Shared Locality profile: This category consists of those countries which contain a roughly equal number of users having mainly local followers, and users who have many followers outside the country. Examples of such countries include France, Mexico, Italy and Japan, where Twitter enjoys comparatively lower popularity. In France, 60% of users have a median distance to their followers that is lower than 1,000 km. However, several neighboring countries such as the Netherlands, Belgium, Switzerland, Italy and Germany are located within this range. As such, a portion of this 60% represents inter-country relationships rather than intra-country ones. Finally, around one third of French users have a typical distance to their followers of between 5,500 and 9,500 km, which represents the population of followers in the USA.
English-based (external) Locality profile: This profile is composed of countries where English is the official or co-official language. They experience an important external Locality with many users having a substantial number of followers in the USA. Furthermore, an important portion of users have mainly local followers. If we analyze users from the UK, we can see the bi-polarity described above between the UK and USA. Fifty percent of users have mainly local followers within a range of 1,000 km, while 37% of users have followers who are predominantly in the USA.
Another interesting observation is that user popularity plays a different role in different countries.
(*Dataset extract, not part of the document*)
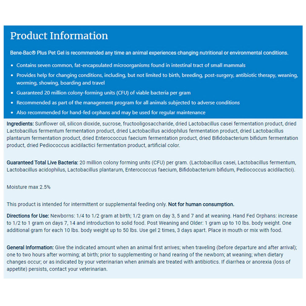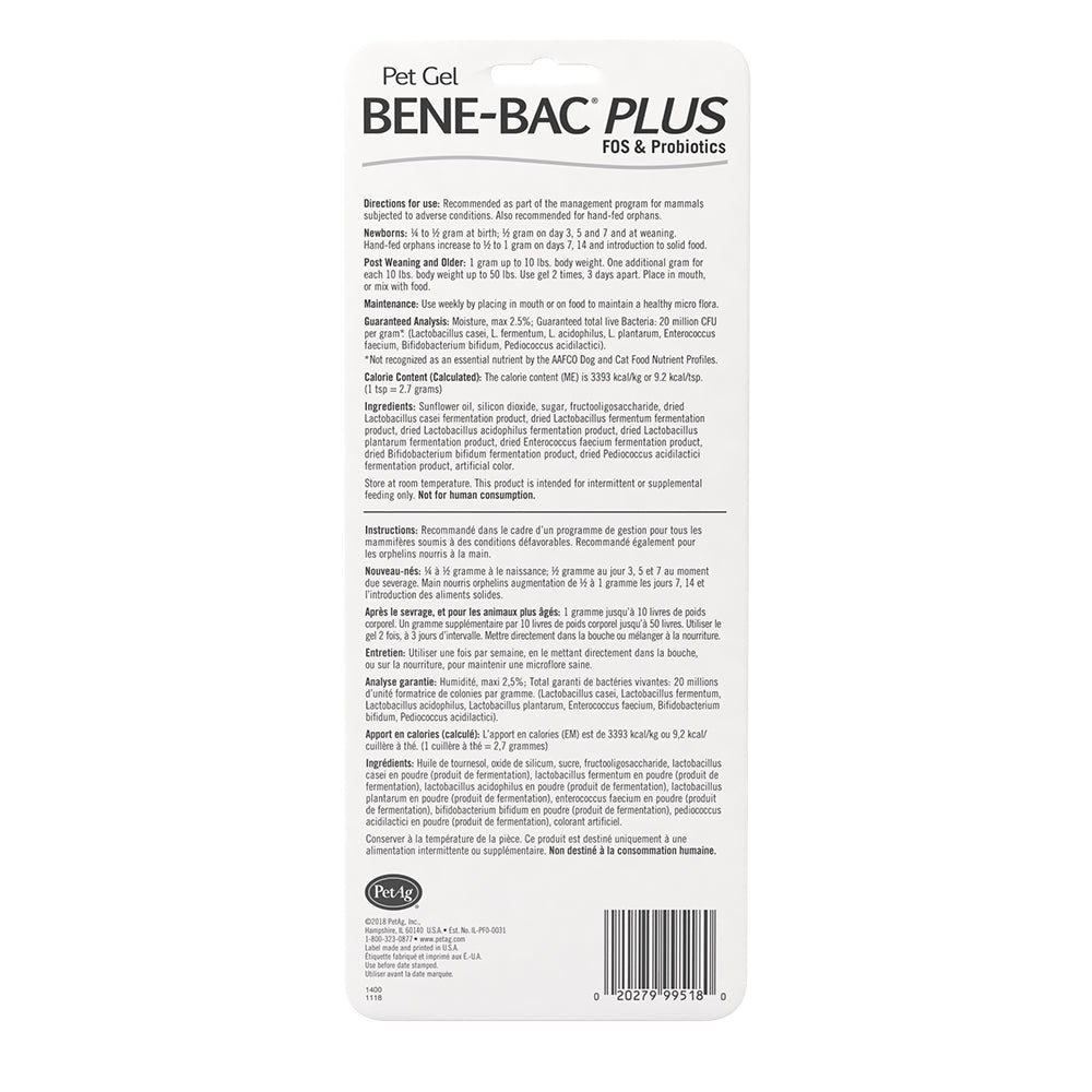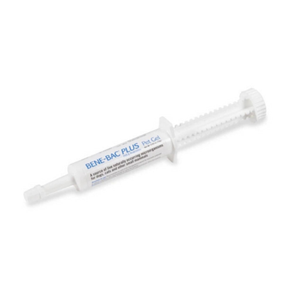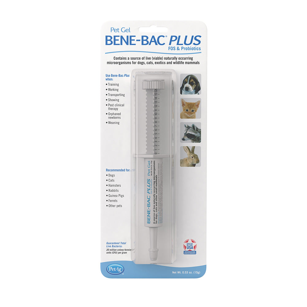 Bene-Bac Plus Pet Gel is a palatable gel in an easy-to-use, 15-gram syringe tube containing concentrated FOS and live, naturally occurring microorganisms. Formulated for pets that are experiencing changes in their diets or environments, and shocks such as: training, travelling, diarrhea, birthing and nursing, newborns orphaned or weaning surgery. Can be taken as a weekly supplement, and is suitable for a wide range of pets and animals such as dogs, cats, hamsters, rabbits, guinea pigs, ferrets, birds, reptiles, equines, and other livestock such as goats, sheep, cattle, and swine.

With regard to users in the USA, the median distance to followers increases steadily with increasing user popularity. However, in the case of Brazil, popularity does not seem to affect the median distance of followers at all. In the case of countries such as the UK and France, there is a clear division among users, with popular users having a significant number of followers that are in the US, while the more obscure users have predominantly local followers.
Understanding such underlying patterns of relationships in social networks allow us to obtain insight into the social impact of these networks through the unprecedented volume and range of information transfer which they enable. It also helps us to better understand how cultural and societal characteristics mould social networks. Understanding the Locality effect of internet scale systems also has direct implications on improving the performance of such systems and building better next-generation systems. Social networks are a very powerful tool for human interaction which demands increasing attention by the international scientific community. The development of the Internet cannot be properly understood, monitored and optimized without a close understanding of the dizzying evolution of online social networking.